These Asian economies are struggling
The longer the trade war continues, the more dangerous the situation becomes for the growth of the world economy. China and the United States will be able to digest this, but other Asian countries may have a harder time. Japan, South Korea and Taiwan are highly dependent on exports and will be most affected by continuing trade war.
The growth of the world economy is not helped by the continuing trade war between the United States of America and China. Although American President Donald Trump wants to make it difficult for China, it is the other Asian countries that are most affected by this.
Less export
Countries such as Japan, South Korea and Taiwan are closely related to the Chinese economy and are highly dependent on the economic situation. These countries export a lot to China to supply consumers and businesses. So if the economy in China runs less smoothly, there is less demand for goods and services and therefore less export for these countries.
"They depend very highly on trade linkages with China, and (are) very tightly tied in to both domestic demand in China and in terms of the broader supply chains. So they're very, very highly exposed."
Steve Cochrane, economist at Moody’s Analytics, emphasizes that Japan, South Korea and Taiwan are equally hard hit by the United States. They therefore also benefit from the fact that the conflict between the USA and China is resolved as quickly as possible in view of their "exposure".
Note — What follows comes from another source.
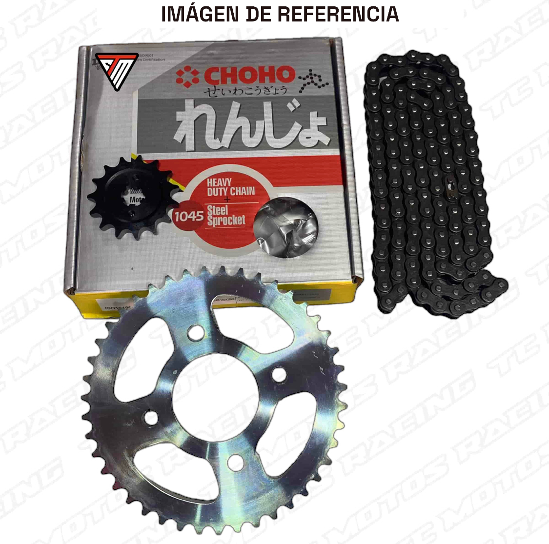 Compatible con la moto Victory Bomber 150.Incluye cadena tipo 428H, optimizada para alta resistencia y desempeño.Perfecto para mantener el sistema de transmisión funcionando de manera confiable.Fabricado por Choho, una marca destacada por la calidad y fiabilidad de sus repuestos para motos.

This is also clearly visible on the stock exchanges, the indices in the countries concerned are among the largest "losers" in Asia. On the other hand, as soon as a new trade agreement is reached, the indices of these countries will recover strongly to higher regions.
We do not have a clear picture. With Donald Trump it is always unclear which direction we are heading. The meeting at the G20 summit at the end of this month may create a little more clarity, but with Trump you are of course never sure.